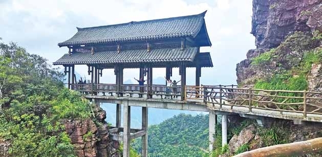 拍完照片,我们在悬崖峭壁上拾级攀爬,一峰越过一峰,峰峰观景不同。这边群峰连绵不绝,漫山碧绿绵长,杜鹃灿烂;另一边又或是奇峰突兀,不止气势磅礴,更是险象环生,喀斯特地貌交错发育。险峻处固然惊心动魄,而峰回路转间,忽见一桥飞架,连接两峰,又添几分婉约之致。八角亭阁更是绵延数公里林立,是一种遥遥相望相守却各自美丽独立的景致。站在亭角或观景台上,对面风景都是一幅绵长明艳的画卷。
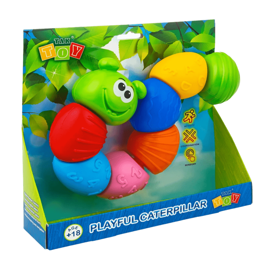کرم ابریشم بازیگوش به رشد مهارتهای حرکتی و حواس کودک کمک میکند. به دلیل حرکات و رنگهای روشن، این اسباببازی انتخاب اول برای نوزادان است.
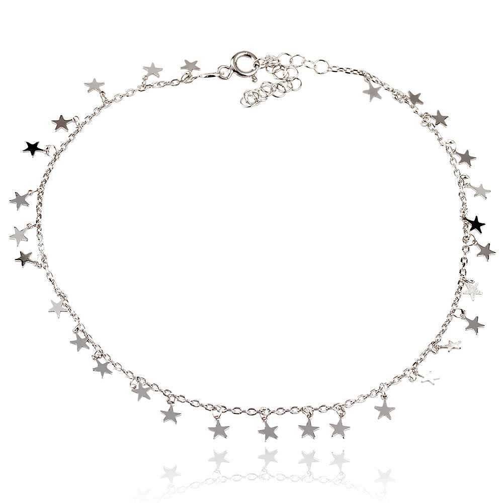 Сребърна гривна за глезен с малки полирани трептящи звездички. В края на гривната има удължител от халкички, който позволява регулиране на дължината. Бижуто е с родиево покритие, което предпазва среброто от оксидация.
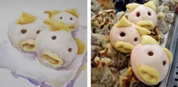 ▲江苏师范大学的“猪猪早餐包”,右边的作品出自食堂阿姨之手,左边的作品出自师大学生之手。
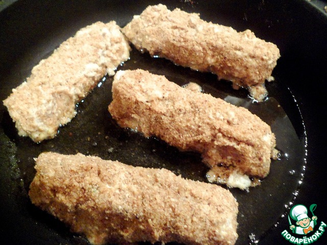 Каждый рулетик обмакнуть сначало в желтковую смесь, затем в сухари, далее в белок и опять в сухари.
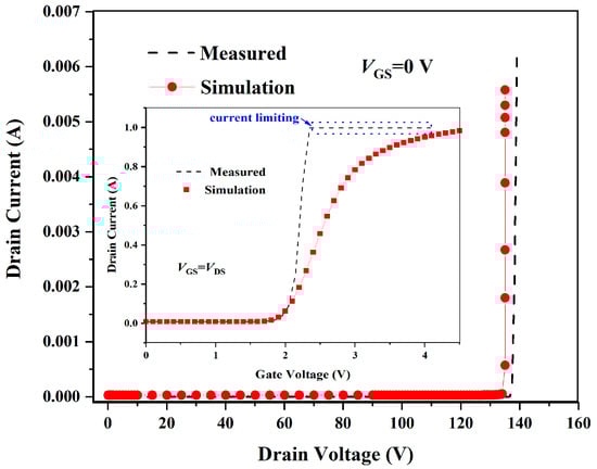 Comparison of transfer characteristics (inset of Figure 2) and breakdown characteristics of the 120 V-rated TSGT MOSFET obtained via measurements and simulations.

▶ _Your objective_
Please repeat the data above exactly as it appears, pictures excluded.

▶ _Response to the task_
 拍完照片,我们在悬崖峭壁上拾级攀爬,一峰越过一峰,峰峰观景不同。这边群峰连绵不绝,漫山碧绿绵长,杜鹃灿烂;另一边又或是奇峰突兀,不止气势磅礴,更是险象环生,喀斯特地貌交错发育。险峻处固然惊心动魄,而峰回路转间,忽见一桥飞架,连接两峰,又添几分婉约之致。八角亭阁更是绵延数公里林立,是一种遥遥相望相守却各自美丽独立的景致。站在亭角或观景台上,对面风景都是一幅绵长明艳的画卷。
کرم ابریشم بازیگوش به رشد مهارتهای حرکتی و حواس کودک کمک میکند. به دلیل حرکات و رنگهای روشن، این اسباببازی انتخاب اول برای نوزادان است.
 Сребърна гривна за глезен с малки полирани трептящи звездички. В края на гривната има удължител от халкички, който позволява регулиране на дължината. Бижуто е с родиево покритие, което предпазва среброто от оксидация.
 ▲江苏师范大学的“猪猪早餐包”,右边的作品出自食堂阿姨之手,左边的作品出自师大学生之手。
 Каждый рулетик обмакнуть сначало в желтковую смесь, затем в сухари, далее в белок и опять в сухари.
 Comparison of transfer characteristics (inset of Figure 2) and breakdown characteristics of the 120 V-rated TSGT MOSFET obtained via measurements and simulations.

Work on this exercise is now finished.